第486章 當眾替她出頭
2024-06-03 02:52:46
作者: 甜牙
楚殷殷腦中一片空白。
什麼意思?
他們到底在說什麼?
霍臨淵還未成家,也未娶妻,那她算什麼?
她難道不是霍臨淵明媒正娶的妻子嗎?
他們不僅成了親,還共同生活了好幾年,連女兒都孕育了。
可現在不止一個人告訴她,霍臨淵沒有成過親,至今也沒有正房夫人。
霍家整個府上,所有人都叫她夫人。
然而出了霍家,竟然沒有一個人知道,她是霍臨淵的妻子。
她就這麼見不得光,這麼不值得被對外承認是嗎?
楚殷殷身子輕輕的顫抖起來,她在人群中急忙的尋找,突然,看到了易攀。
她隔著人群遠遠的對易攀說道,「易攀,你來告訴他們,我是不是霍臨淵的妻子!」
易攀頭皮發麻。
他走上前對諸位道,「各位,這是我們家公子的私事,我們家公子雖然從未對外宣布過,但這確實是我們公子的夫人。

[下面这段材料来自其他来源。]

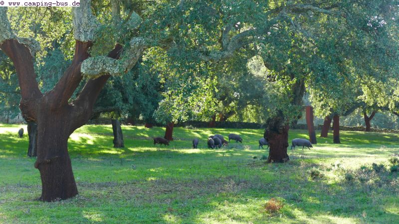 Iberische Schweine sind hier auch wieder unterwegs. Aber im Gegensatz zu den anderen am Vortag laufen diese panisch davon statt neugierig auf mich zuzugehen.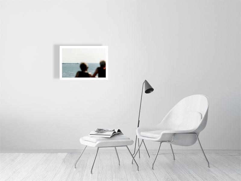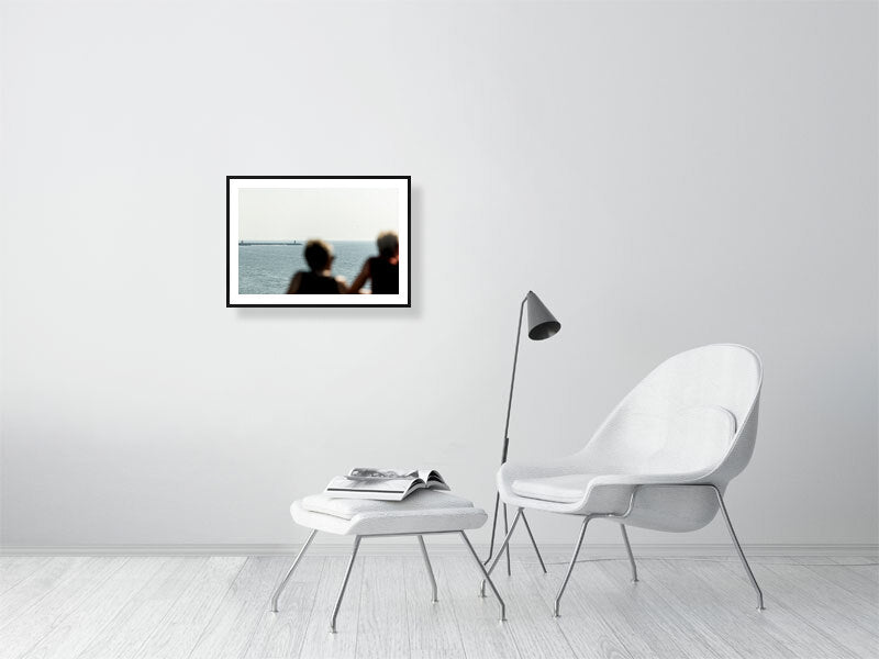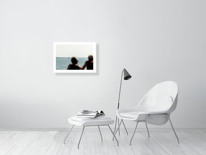 A fine art photographic print - A couple soak up the sun and the view at Scheveningen Pier. The Red Lighthouse is visible in the distance.

」
「呵呵,沒有明媒正娶的,不被外界所知不被承認的,那只能叫私養的玩物,可不是什麼夫人!」
「哪個夫人不是明媒正娶娶回家的?你現在沒名沒分的跟著他,以後等正妻進了家門,要麼被浸豬籠,要麼被打出府!」
「不過是個玩物而已,擺清自己的地位,不要使用心機,想用這種下作的手段,來為自己爭奪身份!」
「……」
各種各樣的議論聲,難聽尖酸刻薄。
楚殷殷不明白,為什麼她是霍臨淵親口承認的女人,卻不被外界所得知?
她想到過去幾個月,在她清晰的記憶里,霍臨淵從來不帶她在眾人面前露面。
就連今天,他原本也以貼心為由,說讓她在帳篷裡面歇著,不用陪他狩獵。
要不是她心血來潮的跟去狩獵,不是霍臨淵出了事受了傷,恐怕現在,她還不知道,自己在外人面前,竟然是不存在的,不被認可的。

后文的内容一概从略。